-------- Data extracts --------
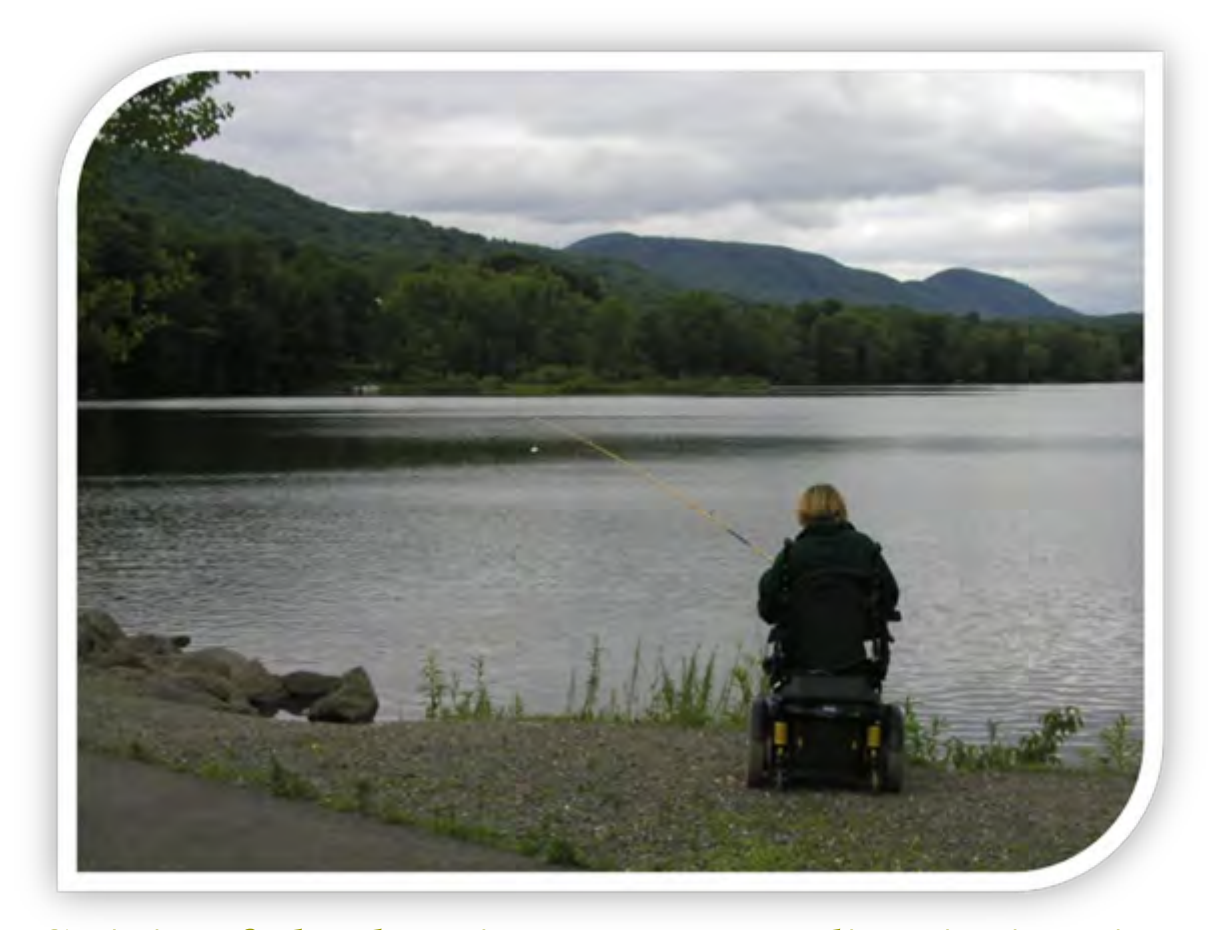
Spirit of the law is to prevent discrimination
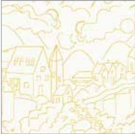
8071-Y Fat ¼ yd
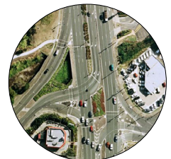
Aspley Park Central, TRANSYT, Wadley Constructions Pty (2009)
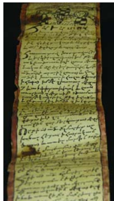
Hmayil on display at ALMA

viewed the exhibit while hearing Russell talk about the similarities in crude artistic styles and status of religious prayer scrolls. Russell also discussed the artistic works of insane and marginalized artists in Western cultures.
--------
-------- Data extracts --------
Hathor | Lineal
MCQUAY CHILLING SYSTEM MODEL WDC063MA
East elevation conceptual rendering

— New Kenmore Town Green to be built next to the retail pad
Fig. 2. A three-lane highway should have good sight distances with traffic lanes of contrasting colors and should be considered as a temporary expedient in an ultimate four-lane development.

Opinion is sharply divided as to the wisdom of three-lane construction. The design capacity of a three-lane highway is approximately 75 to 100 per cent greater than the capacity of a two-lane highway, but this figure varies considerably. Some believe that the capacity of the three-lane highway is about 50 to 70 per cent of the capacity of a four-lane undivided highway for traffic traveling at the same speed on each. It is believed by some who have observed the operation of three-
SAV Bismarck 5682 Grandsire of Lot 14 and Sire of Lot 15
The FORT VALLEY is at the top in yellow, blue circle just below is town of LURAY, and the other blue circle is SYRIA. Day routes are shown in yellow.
--------
Activity =
Above are the records; restate exactly the lines from the one containing "Spirit of the" through the one containing "viewed the exhibit", keeping pictures out.

Solution to this problem =
Spirit of the law is to prevent discrimination
8071-Y Fat ¼ yd
Aspley Park Central, TRANSYT, Wadley Constructions Pty (2009)
Hmayil on display at ALMA

viewed the exhibit while hearing Russell talk about the similarities in crude artistic styles and status of religious prayer scrolls. Russell also discussed the artistic works of insane and marginalized artists in Western cultures.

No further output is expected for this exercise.